When I was young, and new to L.A., and hanging around dissolute poets, I read a lot of Bukowski, and it seemed to me, even then, that there was a lot of dreck to page through before something struck and resonated. So when I picked up ‘Portions from a Wine-Stained Notebook,’ it was with those hard questions in mind: doesn’t this guy need an editor? And a garbage can? But these essays have that sometimes-absent discipline (or help from editors) so that even when they consist of disconnected paragraphs, they have a kind of form. And, I think, a preciseness of language that’s missing in his lesser work. I was charmed. From the title essay:

drunk again in a crackerbox room, dreaming of Shelley and youth, bearded, jobless bastard with a walletful of win tickes un-cashable as Shakespeare’s bones. we all hate poems of pity or cries of the wailing poor -- a good man can climb any flag and salute prosperity (we’re told) but how many good poets can you find at IBM or snoring under the sheets of a fifty-dollar whore? more good men have died for poetry than all your crooked battle-fields were worth; so if I fall drunk in a four-dollar room: you messed up your history -- let me dawdle in mine.
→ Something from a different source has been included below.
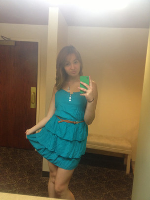 Your friend looks adorable. You can tell she's embarrassed though.
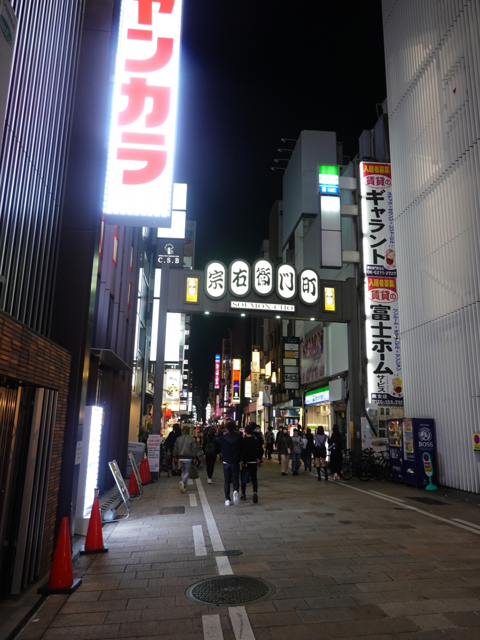 宗右衛門町は江戸時代に起源をもつ歴史ある街です。メインとなる宗右衛門町通りは、道頓堀の北側を東西に走っています。観覧車でお馴染みのドン・キホーテ道頓堀店がある通りになります。飲食店が多く飲み屋街という印象ですが、一見さんにはちょっと入りにくい印象のお店も多いと感じました。

Editor David Stephen Callone makes the case, in his introduction, that Bukowski had an ‘essentially European cultural sensibility,’ that his dirtiness was transgressive a la Bataille, that his dark humor is existential. Maybe I’m responding to these intellectual rubrics -- or maybe I’m swayed by his refusal to behave, just as my drunken poet friends were years ago.

After the jump, more Bukowski: the beginning of ‘A Rambling Essay on Poetics and the Bleeding Life Written While Drinking a Six-Pack (Tall).’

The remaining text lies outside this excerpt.